Monday, March 6, 2017

Start: The Decision

Part 1 of Big Picture: 

A Series On How to Change Your Perspective In Order to Change the World

 

Hey there! I'm so glad that you're joining me on this journey. I hope and pray that this series can be an inspiration in your life; that you can hear the things that you need and implement them. This is a journey I'm on, so please bear with my inexperience and incoherent thoughts that are sure to be here! I'm hoping to make this super practical, so that it's not just good ideas, but a road map of sorts to help us navigate. And just know: I'm praying for you!
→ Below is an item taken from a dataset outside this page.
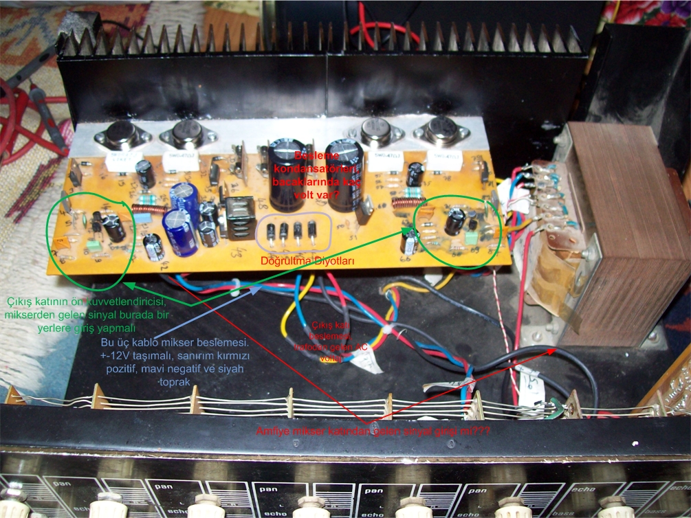 boramt yazdı:Demişsiniz ki çıkış katına yani amfime giden sinyal kablolarına dokunun, evet bu kablolar mixer in sağ ve sol ana volumlerin (üerinde bas,tiz ,eko da var)bağlı olduğu karttan çıkıyor anfiye gidiyor dediğiniz gibi dokunuyorum ama ses yok ....
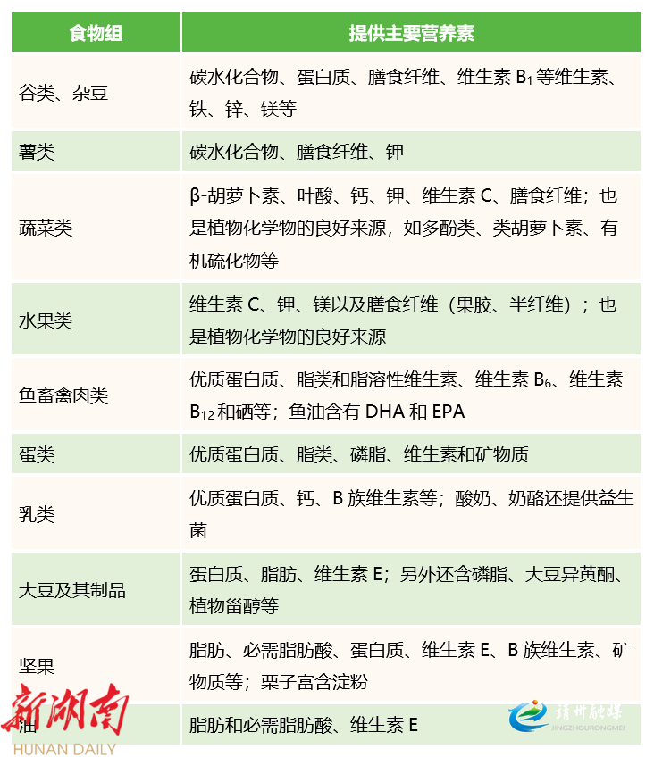表2 各类食物提供的主要营养素

So let's get started. If you're reading this, you're probably, to some extent, interested in changing the world. Maybe you have a dream, or good, practical ideas, or maybe you've tried to make a difference and it didn't work so - "farewell to idealism forever"- or maybe you're a genius who has undirected potential, or a successful person who  still feels unfulfilled. Or maybe you're a student who spends half their time struggling to meet deadlines and the other half eating ice-cream and trying not to think about deadlines. I don't know. 

But I do know one thing. If you're going to change the world, you have to do it the right way. And yes, there is a wrong way. Here's the deal. It doesn't matter how much brainpower, motivation, perseverance, time, money, etc, etc, you have.

Without Jesus, it's not happening.

Sure, you can try and do something. You may rescue a thousand orphans, abolish human trafficking, etc, but is that really going to help anything in the grand scheme of things?It's going to help - for a moment - but it's not going to have very much lasting value, and you are going to be BURNED OUT.

But if you have something completely isolated from just "humane help"- something that changes a whole person's life - and you can do it in God's strength, THEN you have something worth giving.

Please understand me here. Don't make a decision here to follow Christ for the sake of being more effective in changing the world. And if you're already a Christian, please don't tune me out. This is for you, too.

Following Christ is a decision that has to be made in light of the fact of Jesus' grace. Because of our sin, we are separated from God.

Romans 3:23 says that "all have sinned and fall short of the glory of God."

But because Jesus died in our place we can again be with God and inherit eternal life. This is a grace-only deal, one in which our part consists in acknowledging that we are dead without Christ, and that we need Him, thus accepting His grace & believing in Him.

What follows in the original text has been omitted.